- REQUIRED WORK -
Could you output each line below precisely as it stands, without the images?

- STORED DATA -
=== Begin Enclosure ===

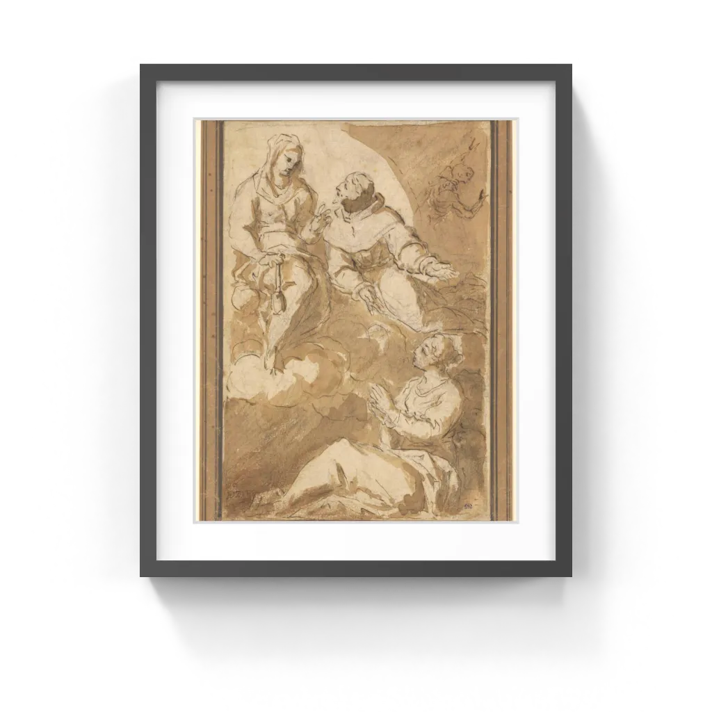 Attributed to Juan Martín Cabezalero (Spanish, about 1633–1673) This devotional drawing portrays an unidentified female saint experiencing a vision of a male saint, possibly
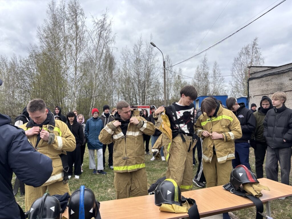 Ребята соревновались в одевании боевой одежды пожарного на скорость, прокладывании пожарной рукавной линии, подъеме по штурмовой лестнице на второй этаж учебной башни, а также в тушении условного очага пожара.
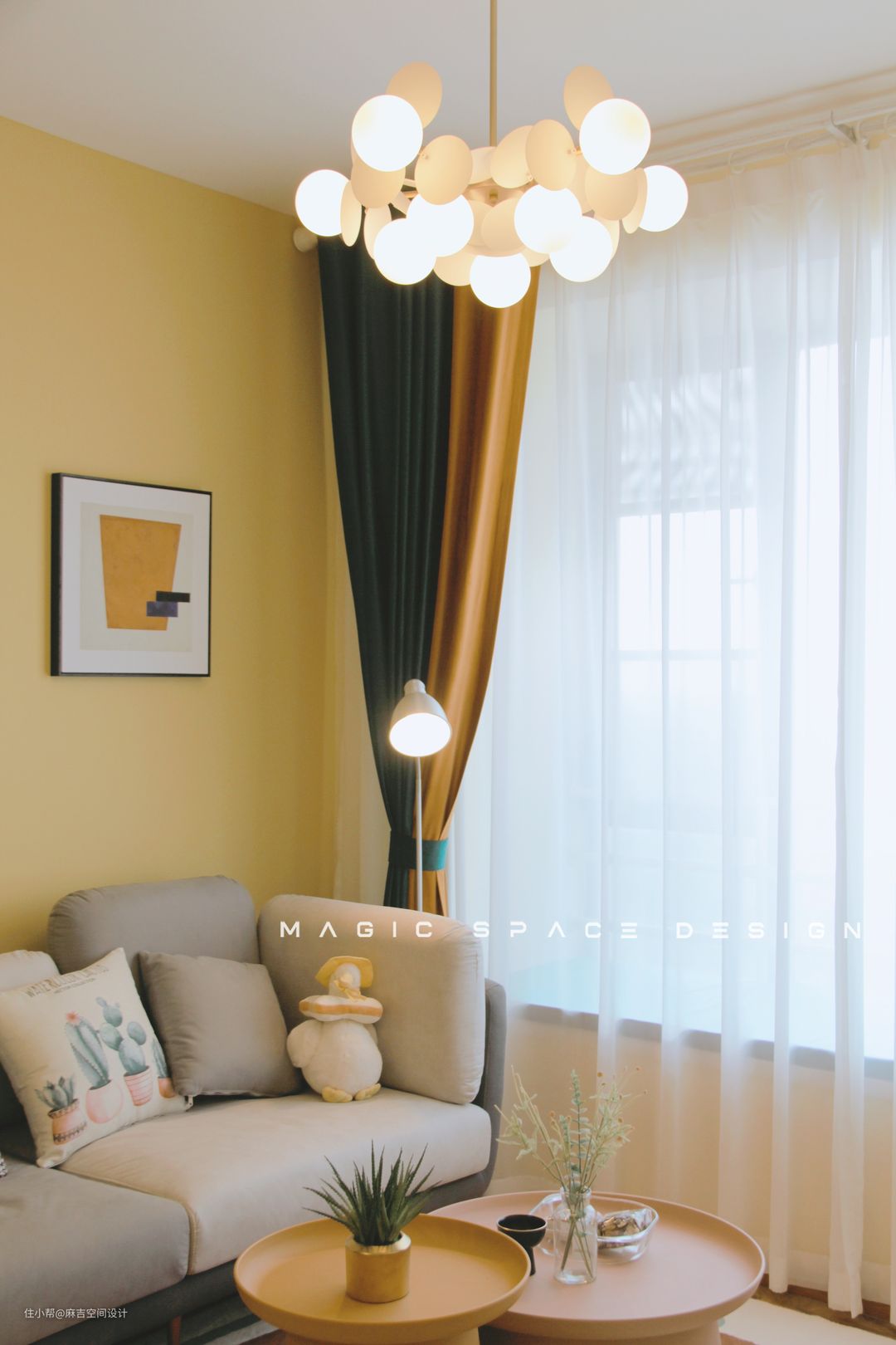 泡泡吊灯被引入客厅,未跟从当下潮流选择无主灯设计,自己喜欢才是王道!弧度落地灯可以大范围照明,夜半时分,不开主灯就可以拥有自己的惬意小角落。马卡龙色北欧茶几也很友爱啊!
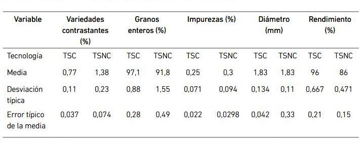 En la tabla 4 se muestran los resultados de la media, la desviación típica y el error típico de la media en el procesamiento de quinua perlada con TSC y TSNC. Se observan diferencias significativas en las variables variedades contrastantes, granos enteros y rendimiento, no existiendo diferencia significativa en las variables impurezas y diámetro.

=== End Enclosure ===

- WRITTEN SOLUTION -
 Attributed to Juan Martín Cabezalero (Spanish, about 1633–1673) This devotional drawing portrays an unidentified female saint experiencing a vision of a male saint, possibly
 Ребята соревновались в одевании боевой одежды пожарного на скорость, прокладывании пожарной рукавной линии, подъеме по штурмовой лестнице на второй этаж учебной башни, а также в тушении условного очага пожара.
 泡泡吊灯被引入客厅,未跟从当下潮流选择无主灯设计,自己喜欢才是王道!弧度落地灯可以大范围照明,夜半时分,不开主灯就可以拥有自己的惬意小角落。马卡龙色北欧茶几也很友爱啊!
 En la tabla 4 se muestran los resultados de la media, la desviación típica y el error típico de la media en el procesamiento de quinua perlada con TSC y TSNC. Se observan diferencias significativas en las variables variedades contrastantes, granos enteros y rendimiento, no existiendo diferencia significativa en las variables impurezas y diámetro.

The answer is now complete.